Landlord Mileage Claim Rates
The landlord mileage claim rules were bought in from 6 April 2017. A landlord is entitled to claim a flat rate for each mile travelled in their personal vehicle. Here are the HMRC approved mileage rates that landlords must use for their claim:
|Vehicle type||Flat rate for the first 10,000 business miles in the tax year||Flat rate for each business mile over 10,000 miles in the tax year|
|Cars and goods vehicles||45p per mile||25p per mile|
|Motorcycles||24p per mile||24p per mile|
Example of a Landlord Mileage Claim
A landlord has a rental property 10 miles away. During the tax year 2017/2018 (6 April 2017 to 5 April 2018) the landlord travels there 5 times in their own car. The landlord has driven a total of 100 miles to the property property and back. The landlord mileage claim against taxes is £45 (£100 x 45p).
Record Keeping For Your Landlord Mileage Claim
Unless you are using an automated bookkeeping system the simplest way to record your landlord mileage claim is with a spreadsheet. You can download a template I have created below where you need to fill out property information and a brief description of your trip along with the mileage. Your mileage claim will be automatically calculated for you. I recommend you update your spreadsheet every time you make a trip you wish to claim for so you don’t forget about it.

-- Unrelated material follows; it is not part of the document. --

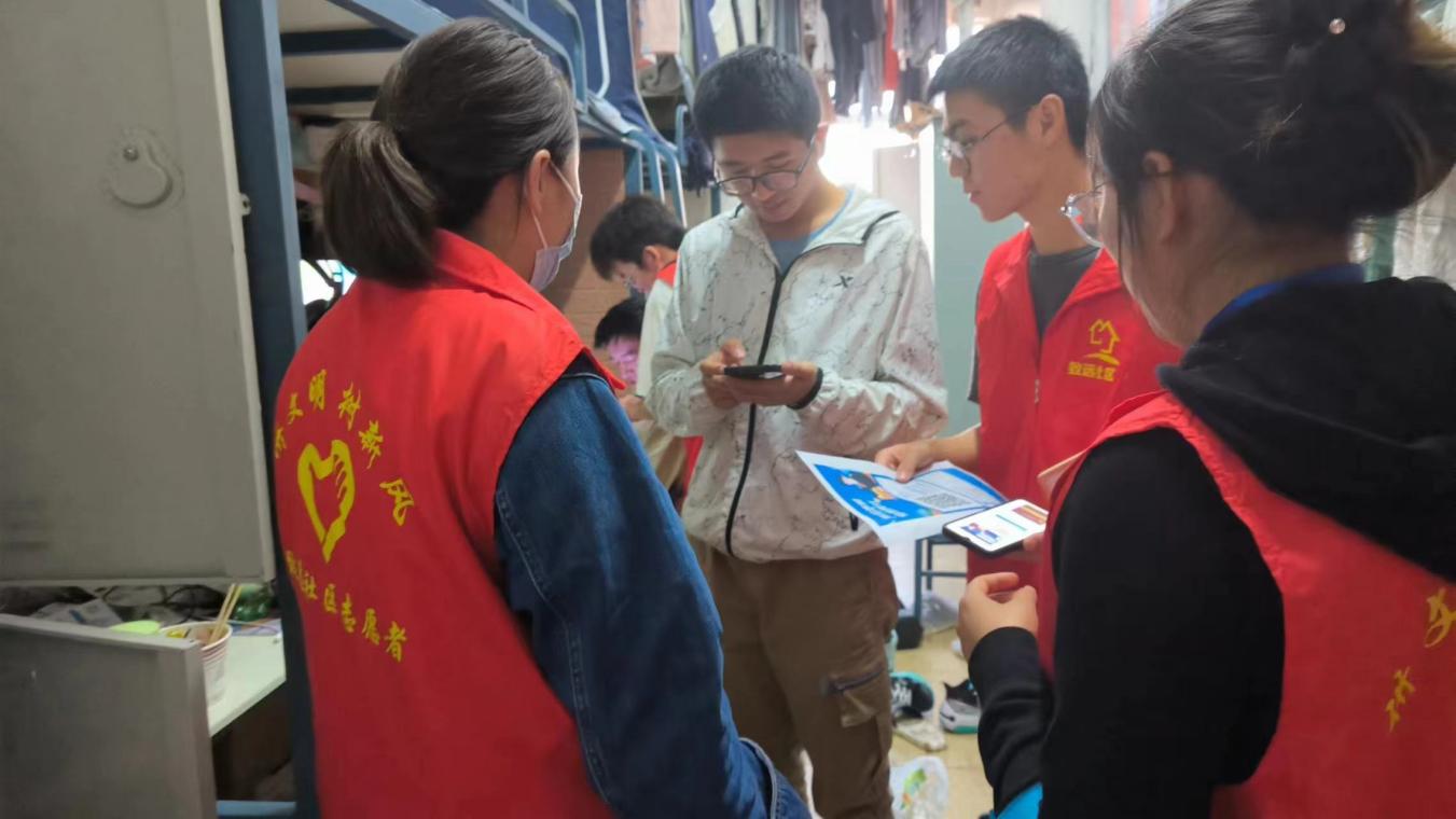 2023年10月19日,为进一步加强在校本科学生防范网络电信诈骗意识,减少网络电信诈骗危害,暗网禁区 、人工智能产业学院联合吴家营派出所、致远社区开展了反诈宣传进社区活动活动。本次活动中,派出所民警、社区工作人员、学院辅导员、班级学生干部走进学生宿舍宣传反诈知识并指导学生关注“金钟罩”公众号及下载使用国家反诈中心APP。

HMRC Rules of the Landlord Mileage Claim
There are very strict rules that HMRC have set out in relation to landlord mileage claims. These include:
- The 45p per mile is a per vehicle figure, the number of people in the vehicle doesn’t affect the rate;
- The 45p per mile covers your vehicles wear and tear, general running costs, insurance and fuel. You can’t claim any extra costs above the landlord mileage claim;
- If you claim capital allowances and running costs for a car you can’t claim the landlord mileage claim. Transition rules exist if you want to switch though;
- Your landlord mileage claim is from your home, office or wherever you base yourself to manage your rental properties;
- If you use a managing or letting agent to look after your property then it’s unlikely you can claim landlord mileage. The managing agent address would likely be the business base;
- You can only claim landlord mileage when you exclusively travel to your rental property. This means only when you go from home to the property and don’t make any private stops on the way, unless very minor. If you happen to pick up your newspaper while you are out at the property then your trip is still business. But you can’t combine your visit with a trip to the supermarket for example. These trips fall under the HMRC rules on claiming part expenses;
- You cannot claim for mileage when you combine your trip to a rental property which is a significant distance away with a personal trip. For example you live in London and have a rental property in Leeds, as well as having friends who live in Leeds. If you combine a trip to your rental property with a visit to your friends then your whole trip will be disallowed and you cannot make a landlord mileage claim. Such trips are what HMRC call duality of purpose;
- You must own your property as an individual not through a Limited Company;
- You cannot claim for mileage before you owned your property. Any mileage you claim is for managing and up keeping your rental property;
- You can claim for Landlord mileage if you are going to pick up things you need for maintaining your property for example: picking up paint and dropping it at the property.